People regularly report problems concerning mc's subshell feature. I've always compiled mc without this feature. Maybe it's time to disable it by default for binary pkgs as well.

You could open a bug report and suggest this. To support your suggestion, you can link to this forum thread in the bug report, as well as these:









						History file gibberish
					

Hi,  why the content of my /root/.history is full of gibberish like this? I guess I am doing something wrong ...Thanks!




					forums.freebsd.org
				












						Midnight Commander MC
					

I have a weird problem with mc. I installed it normal with “pkg install mc”. It runs fine, but only in the root account (!) As a normal user I get the following error message:  common.c: unimplemented subshell type 1 read (subshell_pty...): No error: 0 (0)  I run FreeBSD 12-RELEASE I have never...




					forums.freebsd.org
				












						Solved - Unable to start midnight commander
					

Hi, Midnight Commander doesn't seem to run properly since the "pkg upgrade" yesterday. It starts to run only after a few attempts. And before it starts, it hangs for 5 seconds or so... It used to start within a second before the upgrade. Anyone else experienced this issue ? All suggestions are...




					forums.freebsd.org
				












						mc (Midnight Commander) failing at launch
					

Greetings all.  After a recent update, I've seen that mc no longer works correctly when launched from a non-root account.  I get this error:  $ mc No protocol specified common.c: unimplemented subshell type 1 read (subshell_pty...): No error: 0 (0)  When I use mc --nosubshell it does starts up...




					forums.freebsd.org
				












						Solved - MidnightCommander and .history
					

I have an odd problem with MC that I can't find any information on. I haven't used Linux in a while so not sure if I had this issue in Linux. So, using tcsh and mc. I try to re-use commands by using up-arrow (too lazy to type), however mc adds crazy entries to my .history file for both my normal...




					forums.freebsd.org
				












						Solved - [Solved] mc-light subshell doesn't work in FreeBSD 10
					

Good day  misc/mc-light subshell doesn't work in FreeBSD 10.  [root@o-xxx /usr/ports/misc/mc-light]# uname -a FreeBSD o-xxx 10.0-RELEASE FreeBSD 10.0-RELEASE #0 r260789: Thu Jan 16 22:34:59 UTC 2014     root@snap.freebsd.org:/usr/obj/usr/src/sys/GENERIC  amd64  [root@o-xxx...




					forums.freebsd.org


----------



## proton1234 (Jul 1, 2021)

> People regularly report problems concerning mc's subshell feature. I've always compiled mc without this feature. Maybe it's time to disable it by default for binary pkgs as well.
> 
> You could open a bug report and suggest this.
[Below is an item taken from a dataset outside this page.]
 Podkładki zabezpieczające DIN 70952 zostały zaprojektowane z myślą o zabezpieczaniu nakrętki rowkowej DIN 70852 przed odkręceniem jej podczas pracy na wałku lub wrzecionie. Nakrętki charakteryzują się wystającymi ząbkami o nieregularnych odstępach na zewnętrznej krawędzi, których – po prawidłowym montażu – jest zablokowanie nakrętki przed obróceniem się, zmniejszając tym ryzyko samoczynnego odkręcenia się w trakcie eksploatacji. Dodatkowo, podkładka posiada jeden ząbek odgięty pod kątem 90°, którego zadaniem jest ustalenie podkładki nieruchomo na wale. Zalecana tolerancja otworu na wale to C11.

To support your suggestion, you can link to this forum thread in the bug report, as well as these:


On my opinion they should show a kind of a warning and ask to use "env SHELL=/usr/local/bin/bash mc" if default shell is other than bash.


----------



## SirDice (Jul 1, 2021)

```
root@molly:/usr/ports # pkg info -D mc
mc-4.8.26_2:
On install:
Midnight Commander was built with subshell support, which works with most
popular shells, e.g. bash(1), dash(1), tcsh(1), zsh(1), but not sh(1) due
to its lack of "precmd" or equivalent hooks which mc(1) needs to read the
subshell's current directory.

  $ env SHELL=/bin/sh mc
  common.c: unimplemented subshell type 1
  read (subshell_pty...): No such file or directory (2)

Please either use more advanced interactive shell, or start mc(1) with -u
(--nosubshell) switch if you're confined to /bin/sh for some reason.
```



proton1234 said:


> \bin\sh


You're not on Windows, on Unix filesystems we use a forward slash; /bin/sh. 
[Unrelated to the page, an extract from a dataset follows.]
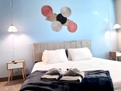 The apartment features a bright and spacious living area with ceiling fans in both the living room and bedroom, an open layout with upgraded flooring and modern tile accents, and a private balcony. The fully equipped kitchen includes energy-efficient stainless steel appliances, granite countertops, a wine fridge, refrigerator, stove, microwave, coffee maker, blender, toaster, cookware, and utensils. The spacious bedroom offers a comfortable king-size bed with premium linens and a large walk-in closet.

And I would suggest setting your user's shell to tcsh(1) or install shells/bash or shells/zsh. The sh(1) shell is really spartan for interactive use.


----------



## proton1234 (Jul 1, 2021)

SirDice said:


> You're not on Windows, on Unix filesystems we use a forward slash; /bin/sh.


Edited message but in this case it's not important.


```
#>pkg info -D mc
```
outputs "mc-4.8.24:" and nothing more


----------



## SirDice (Jul 1, 2021)

Quarterly seems to have an older package that doesn't have this message. It was added because many people had issues with it. Short answer, change your user's shell to tcsh(1), bash(1), dash(1) or zsh(1) (everything except tcsh(1) needs to be installed separately).


----------



## proton1234 (Jul 1, 2021)

SirDice said:


> Quarterly seems to have an older package that doesn't have this message. It was added because many people had issues with it. Short answer, change your user's shell to tcsh(1), bash(1), dash(1) or zsh(1) (everything except tcsh(1) needs to be installed separately).


On my opinion MC should output this message during the install.
By the way what's your opinion the best way to change locale to prevent garbled output of MC in Putty? I did that by editing .loader.conf (me:\) in home directory. Changed default "C" encoding to "UTF-8".


----------



## SirDice (Jul 1, 2021)

proton1234 said:


> On my opinion MC should output this message during the install.


That's exactly what the newer package does.


----------



## grahamperrin@ (Jul 3, 2021)

<https://www.freshports.org/misc/mc/#message>


----------



## proton1234 (Aug 11, 2021)

SirDice said:


> That's exactly what the newer package does.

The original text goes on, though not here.